Mas, para a minha surpresa, a tímida Aithne andou em direção ao monstro, uma aura vermelha cobria todo seu corpo. Com um soco, ela enviou a cabeça da mulher violentamente contra a parede. Um sangue preto escorreu pela superfície. Senti um arrepio imaginando que Cyle tentou fazer justamente isso.

— Sua vadia — disse Aithne enquanto agarrava a base dos cabelos daquela monstruosidade.

BURRA! — falou o monstro e dirigiu suas unhas afiadas contra o corpo da garota, seu sangrento sorriso abrindo como se estivesse em vitória. Mas...

Laços de fogo se formaram e se convergiram ao redor daquela mão, provocando uma explosão tão forte que uma corrente de vento se espalhou por toda a biblioteca.

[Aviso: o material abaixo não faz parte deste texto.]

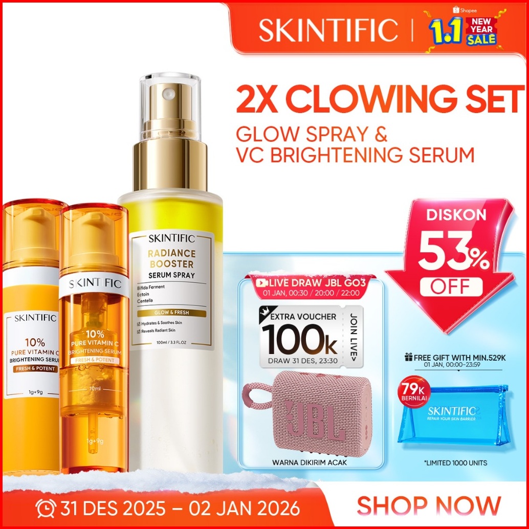Skintific - 2pcs 2x Glowing Set Glow Spray 10 Vitamin C Serum Brightening Day Night Brightening Kulit Cerah Combo

Do fogo daquela explosão, um líquido preto caiu no chão. O braço restante do monstro foi reduzido pela metade. O líquido era... a mão do monstro.

SUA VADIA!

— Cala a boca, aberração.

Aithne prendeu a cabeça do monstro contra a parede e afundou seu joelho no rosto dele. Sangue explodiu por todo lado.

A mulher tentou morder Aithne, apenas para ter sua cabeça esmagada por outra joelhada forte.

E outra.

E outra.

Cada joelhada era um estouro, um impacto surreal de presenciar. Uma força sobre-humana.

A criatura, após a terceira joelhada, já havia parado de se mover. Veio a quarta joelhada apenas para estourar de vez a cabeça do ser, um globo ocular voando e aterrisando perto de mim.

Ofegante, Aithne deixou-se andar para trás até bater contra uma estante de livros. Suas pernas vacilaram e ela caiu. Seus olhos eram fixos naquela aberração, mas tudo que via era uma cabeça desfigurada, centro de uma explosão de sangue.

— Aithne... O que- — Queria perguntar se estava bem, mas...

— Cala a boca você também.

...Fiquei quieto.

O tempo passou, minuto por minuto. A única coisa que ouvia era a respiração ofegante de Aithne e uma lareira, com estalos das madeiras em brasa.

Cansado, fechei meus olhos, ignorando o globo ocular na minha frente. Estava seguro. Aquele monstro não se levantaria mais. Não dessa vez. Nem mais cabeça aquilo tinha.

— Obrigada...

Não pude fazer mais do que apenas olhar para Aithne por um instante. Quanto mais a adrenalina passava, mais meu corpo era tomado por uma dor aguda, e mais cansado me sentia.

— Obrigada por me salvar.

Eu a salvei?... Ah, certo. Quando o monstro ia a executar por trás.

No fim, consegui ser útil.

Não sou um inútil...

Com um pequeno sorriso, perdi a consciência.